MySQL big table migration helper
June 25th, 2010
Edit: this helper has now evolved into a plugin. See https://github.com/thickpaddy/mysql_big_table_migration.
With MySQL 5, altering large tables, including adding or dropping indexes, can be painfully slow. In order to alter the table, MySQL normally creates a temporary table with the new structure and copies rows into it, one-by-one, updating the indexes as it goes. Searches for “mysql slow index creation”, “mysql copy to tmp table” and “mysql alter table slow” will reveal all the gory details, but I'm going to concentrate on a workaround for Ruby on Rails applications.
The problem with slow index creation on large tables hit me very hard when I started to review one of our production databases with a view to improving performance, primarily by adding appropriate indexes where missing, and dropping some unused indexes too. I needed to add an index to one particular table that had in excess of 50 million rows. Creating a new index on this table resulted in the system seeming to hang in state “copy to tmp table”. SHOW PROCESSLIST had one thread in this state overnight, until I eventually gave up and killed it.
After some research, it seemed the best way to work around this (as in something that would work for various storage engines and server configurations), was to create the new table manually, and copy the data into it in bulk rather than row-by-row. I wrote a one-off migration to test this and it worked well.
It wasn't long before I needed to add indexes on other large tables, so I ended up creating a migration helper for altering large tables, allowing indexes to be created and dropped, and columns added and removed, in minutes rather than hours (or days in some cases).

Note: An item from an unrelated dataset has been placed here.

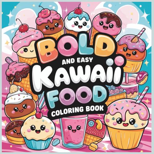 Bold And Easy Kawaii Food Coloring Book: Cute Coloring Book for Stress Relief, Featuring Kawaii Snacks, Smiling Desserts & Whimsical Food Friends

I saved the code in a file called mysql_big_table_migration_helper.rb and dumped it directly into the lib directory. To use it from a migration, extend your migration with the helper module. This adds 4 new class methods, for adding and removing indexes and columns by bulk copying into a temp table rather than relying on MySQL's row-by-row copying. I did toy with the idea of creating a plugin that does all of this automatically, but I'm wary of that kind of voodoo, and decided it was wiser (for the moment at least) to have developers make their intentions explicit.
An example migration that adds and removes indexes...
Some notes/warnings...
- The migration helper only works with the standard MySQL adapter (i.e not MySQL2).
- If you use another adapter, it will still add and remove indexes and columns, but without creating and bulk copying into the temp table. So, it won't break if, for example, you use the MySQL adapter in production, but SQLite in development.
- Although the code does try to handle updates that occur after the migration has started, it just locks tables at the end of the bulk copy and checks for new or updated rows using the id, or updated_at, column. This is absolutely not the same as an ACID compliant transaction! It does the job for us, but it may not be suitable for you.